How does someone handle a damaged child? Yes, I said it - damaged. 'Damaged' is not an adjective we like to use when describing children, let alone your own. Children are meant to be sweet, whole, innocent, precocious at best, whimsical and other good adjectives that can be applied; but damaged is not one of them. If I am being honest with myself, it is the best word I can use to describe our youngest son.
My husband and I made the fateful decision 6 years ago to make J a part of our family. Our two oldest sons were in their late teens and taking on a two-year-old would be like starting over. However we prayed about it, well I mostly prayed about it, and it was placed on my heart to have J become a part of our family. Although it was placed on my heart, we did have a family meeting to discuss it before proceeding to move forward. My husband and I even flew out to another state to meet J to be sure if we really wanted to pursue it.

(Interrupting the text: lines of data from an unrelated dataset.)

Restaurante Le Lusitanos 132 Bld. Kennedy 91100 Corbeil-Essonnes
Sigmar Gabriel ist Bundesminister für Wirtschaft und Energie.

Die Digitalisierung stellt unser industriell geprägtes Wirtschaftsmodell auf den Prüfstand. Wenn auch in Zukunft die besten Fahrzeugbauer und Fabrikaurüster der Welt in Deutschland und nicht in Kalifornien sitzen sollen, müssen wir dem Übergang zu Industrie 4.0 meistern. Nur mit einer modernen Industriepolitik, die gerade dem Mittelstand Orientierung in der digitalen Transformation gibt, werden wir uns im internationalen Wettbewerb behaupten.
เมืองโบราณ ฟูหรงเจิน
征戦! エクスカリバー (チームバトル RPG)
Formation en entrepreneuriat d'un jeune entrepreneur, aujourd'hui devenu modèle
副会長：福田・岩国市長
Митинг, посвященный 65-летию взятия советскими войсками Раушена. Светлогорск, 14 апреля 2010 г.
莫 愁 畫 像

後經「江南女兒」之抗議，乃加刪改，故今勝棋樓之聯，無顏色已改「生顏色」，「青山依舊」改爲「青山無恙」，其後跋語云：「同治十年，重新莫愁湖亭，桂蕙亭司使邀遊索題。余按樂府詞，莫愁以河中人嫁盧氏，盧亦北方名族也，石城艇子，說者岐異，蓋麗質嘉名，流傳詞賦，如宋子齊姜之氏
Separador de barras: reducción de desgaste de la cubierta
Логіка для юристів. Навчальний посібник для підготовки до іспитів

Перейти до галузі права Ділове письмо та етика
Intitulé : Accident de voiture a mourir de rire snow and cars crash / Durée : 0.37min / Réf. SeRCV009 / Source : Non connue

As a registered nurse with a master's degree and having taught several classes on mental illness, I knew J could possibly have some issues. Little did we know. What I knew about mental illness mostly applied to adults, very little (except for Erickson life stages - for all you nurses out there) did I know about children. However, we are learning.

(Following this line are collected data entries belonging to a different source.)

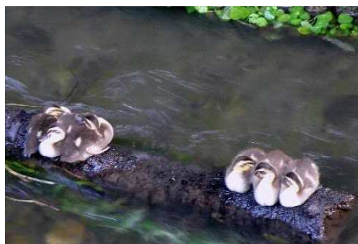
19 カルガモの赤ちゃん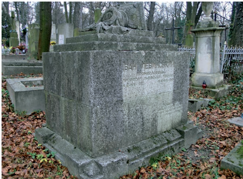
Надгробок на могилі І. Левинського. Сучасне фото

ки , 103; від 1913 – монастир василіанок , тепер Національний лісотехнічний університет України ), гімназії ім. Володимира Великого у Рогатині (1911–1912, тепер Колегіум Національного університету “ Києво-Могилянська академія ”).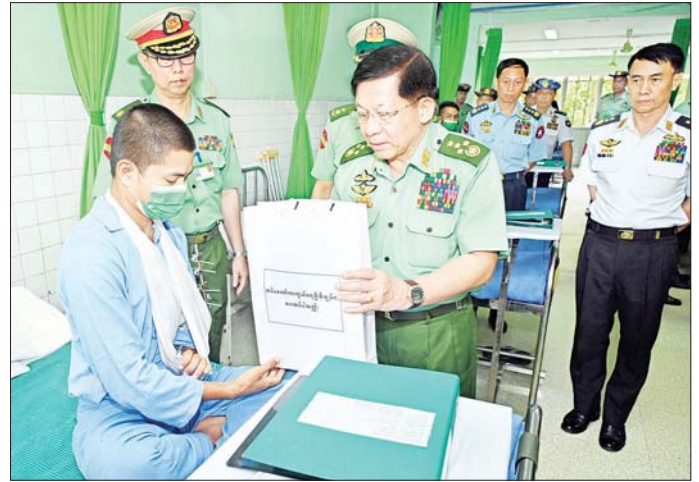
နိုင်ငံတော်စီမံအုပ်ချုပ်ရေးကောင်စီဥက္ကဋ္ဌ တပ်မတော်ကာကွယ်ရေးဦးစီးချုပ် ဗိုလ်ချုပ်မှူးကြီး မင်းအောင်လှိုင် နိုင်ငံတော်ကာကွယ်ရေးနှင့် လုံခြုံရေးတာဝန်များ ထမ်းဆောင်စဉ် ထိခိုက်ဒဏ်ရာ ရရှိခဲ့သူများအား တစ်ဦးချင်းလိုက်လံတွေ့ဆုံ၍ ရင်းနှီးနှေးနှေးစွာ မေးမြန်းပြီး လက်ဆောင်ပစ္စည်းများ ပေးအပ်စဉ်။

J did not come to us whole. Despite his outward appearance- bright blue eyes, long dark brown eyelashes and freckled cheeks, J was broken. Now, I may get flack for stating such a thing about a child. After all, who wants to admit their son or daughter is broken? Knowing what I know - thank you Erickson, I felt I could fix him - my family could fix him. I felt his brokenness could be fixed with as much love and care as I could give him. If I just hugged him enough, bought him things, met his needs, etc., he would be healed, be whole again. I was wrong. It has been a tremendous learning process for myself and my family. Needless to say, I have prayed a lot and others have prayed for us.

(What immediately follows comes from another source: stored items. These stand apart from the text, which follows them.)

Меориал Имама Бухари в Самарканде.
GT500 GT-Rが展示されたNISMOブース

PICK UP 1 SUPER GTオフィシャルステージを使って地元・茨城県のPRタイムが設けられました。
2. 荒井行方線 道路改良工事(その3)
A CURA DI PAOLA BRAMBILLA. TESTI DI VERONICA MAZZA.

The use of the adjectives 'damaged' and 'broken' is not to convey that J is a terrible child. He is not. There are many children just like him - full of potential and a desire to be kind. There are many parents full of love for their child, biological or otherwise, that are as frustrated, angry, and tired as we are. It is difficult and challenging dealing with a child who has been damaged and has mental illness as a result.
There are no magic words or processes that work for every child. The purpose of this blog is to share our experiences and allow a place for others to share theirs as well. This blog is dedicated to my son J.